The drug is sprayed in a dosed manner from a bottle with a mechanical sprayer and an oral applicator (Fig. A1 or A2).

If the oral applicator is in a plastic bag, cut it with scissors or another convenient tool and remove the applicator (Fig. B2).

Before use, the oral applicator should be rinsed with warm water and checked for damage. A damaged applicator should not be used.

Remove the protective cap from the mechanical sprayer. Place the applicator on the bottle (Fig. 3).

Press 2–3 times until the solution reaches the sprayer and starts spraying after pressing.

Insert the applicator tube into the oral cavity, hold your breath and press 2 times, each time directing the jet of the drug to the appropriate area of the throat cavity on the right and left. During use, the bottle should be held vertically.

Do not inhale or swallow the sprayed solution!

Adults and children over 8 years of age should apply 1-3 sprays to the right and left sides or directly to the affected area, usually 2-4 times a day (every 4 hours if necessary). At least 4 hours should elapse between applications.

The spray can be applied no more than 6 times a day.

Elderly patients and patients with hepatic insufficiency require dose adjustment (see section "Special warnings and precautions for use").

The duration of treatment depends on the nature and course of the disease and is determined by the doctor individually.

Children

Use for the treatment of children aged 8 years and over.

Children aged 8 to 12 years should use the drug under the supervision of a physician.

Children should use the drug with caution, given the possibility of laryngospasm.

Overdose

With proper local application of the drug to the oral cavity or pharynx, no overdose was observed. However, in the case of swallowing iodine solution, acute poisoning developed. Patients initially felt a metallic taste in the mouth, vomiting, stomach pain and diarrhea began. Within 1–3 days, anuria, swelling of the glottis with subsequent asphyxia, aspiration pneumonia or pulmonary edema were observed. In some cases, even severe circulatory disorders were observed.

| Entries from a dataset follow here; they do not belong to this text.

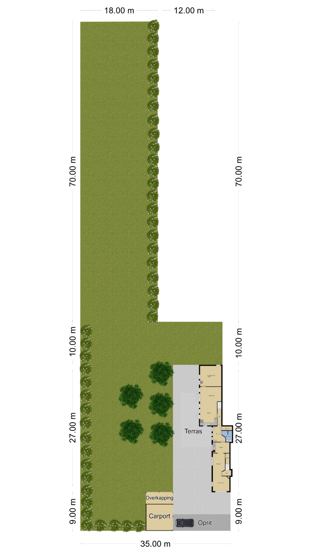 Deze woning is gelegen op een zeer ruime kavel van 3.565m² groot. Dit geeft niet alleen de mogelijkheid om meerdere heerlijke buitenterrassen te creëren, maar ook bevindt zich hier een weiland dat tevens goed geschikt zou zijn voor het houden van dieren. Direct aan de woning is een terras gecreëerd met stenen en grind waar je heerlijk van de rust en de privacy van het buitengebied kan genieten. Diverse grote bomen zorgen daarbij voor een groen karakter en schaduwplaatsen. De rest van tuin is voorzien van gras en diverse struiken waardoor de mogelijkheden hiermee nog eindelijk zijn. Aan het einde van de oprit tref je nog een carport waaronder je de auto beschut kan parkeren. De woning ligt dicht bij de dijk waardoor je geniet van een heerlijk vrij gevoel in een groene omgeving. De locatie van deze woning is werkelijk prachtig!
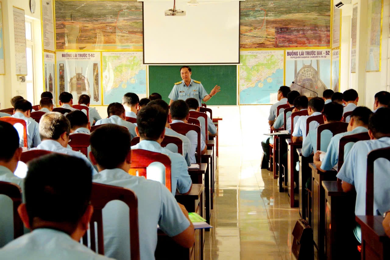 Thiếu tướng Bùi Thiên Thau, Phó Tư lệnh Quân chủng Phòng không - Không quân phát biểu giảng bình sau ban bay cán bộ của Trung đoàn 920
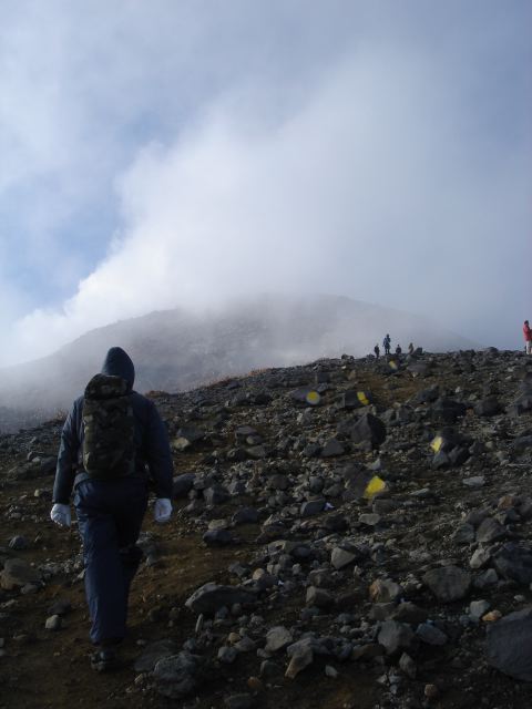 体力的にかなりきついし、同じ方向に向かう登山者がいないので、道が合っているのかどうか心細い。
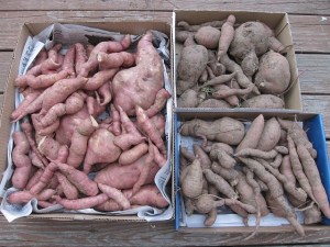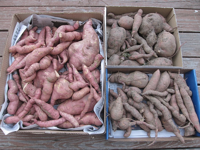 We dug out 30 pounds of sweet potatoes last Sunday. They were smaller than last year’s crop. We wonder if its because we did not cover the ground with black plastic this year. The plastic keeps the soil warmer and prevents over-watering from flooding rains. We will use the black plastic next year. |
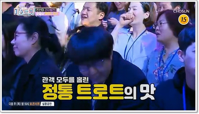 전라도 탑틀라스의 첫 등장은 제작진 예심에서부터 두각을 나타내기 시작하지요. 첫 만남부터 정통트로트 "한만은 대동강"으로 예심 제작진의 환호를 받아요.
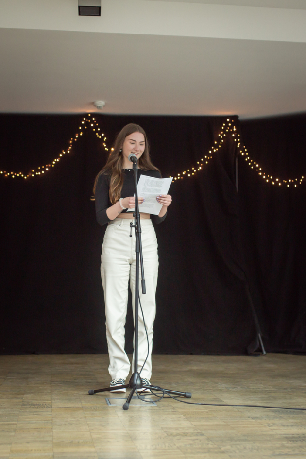Frau Kemper und Frau Kubitzki übergaben nach der Begrüßung das Mikrofon an Julia und Lisa, zwei Schülerinnen des Literaturkurses der Gesamtschule, die mit ihrer launigen Moderation durch den Abend führten und den Ablauf vorstellten. So sollten zunächst jeweils sieben Schülerinnen und Schüler ihre Poetry Slams in einer Live Performance vortragen. Die drei Besten jeder Schule würden sich für das große Finale qualifizieren. Bevor dieses steige, gäbe es noch drei „Video-Slams“ zu sehen. Zu jedem Slammer wurde ein „Fun Fact“ vorgestellt. So bezichtigten sich Geschwister gegenseitig für morgendliche Verspätungen verantwortlich zu sein, bezeichnete sich eine Slammerin als Verwandte von Goethe, wurde auf Erfolge in Online-Games verwiesen oder es traten der Mitarbeiter des Monats von „Macces“, sowie sein bester Kunde auf.
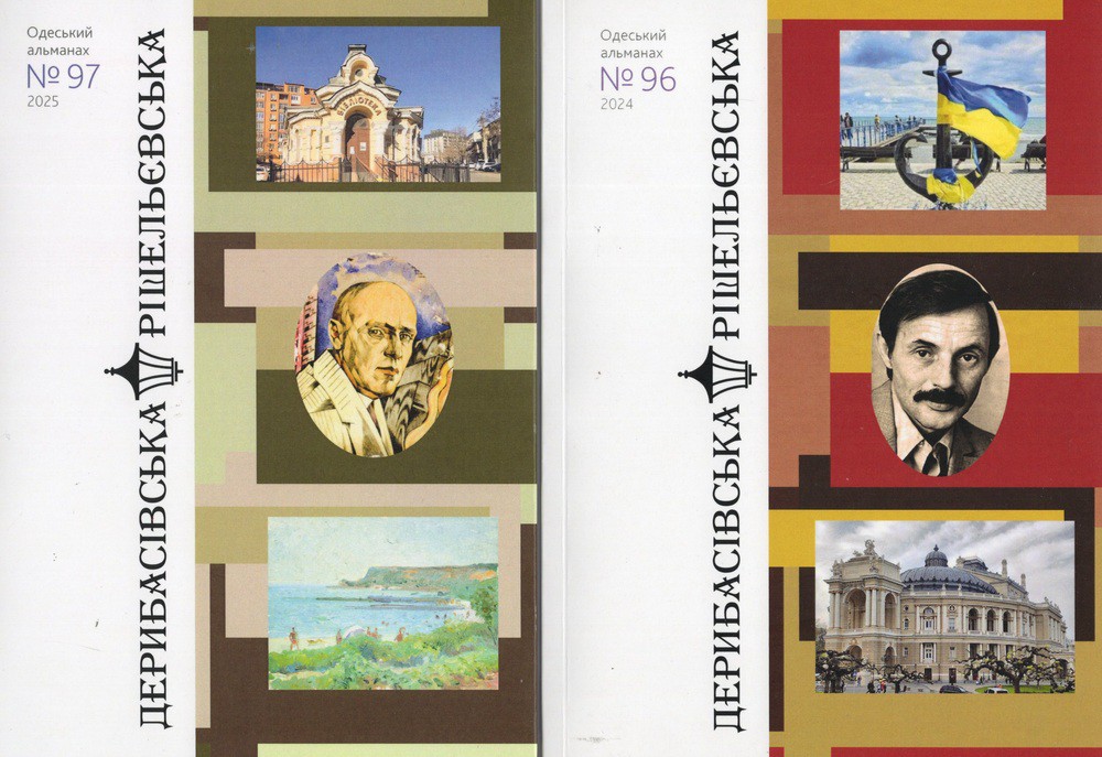 «Дерибасівська – Рішельєвська» : одес. альм. / ред. Ф. Кохріхт, заст. ред.: М. Пойзнер, Э. Радішевська ; редкол.: Є. Голубовський, О. Губар, А. Глущак, Є. Дєменок, І. Ліптуга, А. Михалевська, О. Яворська. – Одеса : ПЛАСКЕ, 2024. – № 96. – 383 с. : іл.; 2025. – № 97. – 383 с. : іл. У двох останніх, дуже насичених випусках видання дещо змінилося, «але не головне: альманах "Дерибасівська – Рішельєвська" перш за все – про Одесу та для одеситів, де б вони (ми) не жили...» (Ф. Кохріхт). Крім традиційних рубрик «Історія, краєзнавство», «Проза», «Поезія», «Мистецтво – життя – мистецтво» та ін., з’являються нові. Вже третій рік поспіль кожен номер за традицією, закладеною Євгеном Голубовським, відкривається рубрикою «Під звуки повітряної тривоги», яка містить навіяні війною вірші та прозу членів літературного клубу «Зелена лампа». |

Treatment is symptomatic and initially includes standard measures to prevent further absorption of the drug in the gastrointestinal tract. The patient should drink milk and brewed starch. (To brew starch, place 2 g of starch in a porcelain cup and mix well with 8 ml of cool purified water. Add 90 ml of boiling purified water. Stirring constantly, heat the mixture to a boil (0.5–1 minute) and hold until it thickens and becomes lighter. Cool to room temperature (25 °C) and consume.) If the esophagus is not damaged, gastric lavage can be performed. In addition, activated charcoal and a 1 or 5% solution of sodium thiosulfate, which ensures the reduction of iodine to iodide, should be taken. Osmotic diuresis may be performed to remove the absorbed substance. To date, no experience with dialysis has been reported. There is no specific antidote.

Side effects

The frequency of adverse events was assessed as follows: very common (≥ 1/10), common (≥ 1/100, < 1/10), uncommon (≥ 1/1000, < 1/100), rare (≥ 1/10000, < 1/1000), very rare (< 1/10000), including isolated reports.

Immune system disorders: Rare: hypersensitivity symptoms, very rare: anaphylactic shock.

Gastrointestinal disorders: uncommon: dry mouth.

Skin and subcutaneous tissue disorders: Rare: allergic reactions to iodine may occur, requiring discontinuation of the drug: itching, hyperemia, urticaria. Very rare: angioedema.

General disorders and administration site conditions: uncommon: burning sensation at the application site (especially in children), pain at the application site, dry mouth.

Injury, poisoning and complications during the procedure: iodism (metallic taste in the mouth, increased salivation, swelling of the eyes, larynx, lungs, skin rash, gastrointestinal disorders, systemic side effects in the form of metabolic acidosis, hypernatremia, impaired renal function, diarrhea) after long-term use.

Expiration date

3 years.

Storage conditions

Store in original packaging to protect from moisture.

Keep out of reach of children.

Packaging

30 ml in a bottle with a mechanical sprayer; 1 bottle complete with an oral applicator in a box.

Vacation category

Without a prescription.

Producer

Teva Czech Industries s.r.o.

Location of the manufacturer and address of its place of business

Ostravska Street 305/29, Komarov, 747 70 Opava, Czech Republic.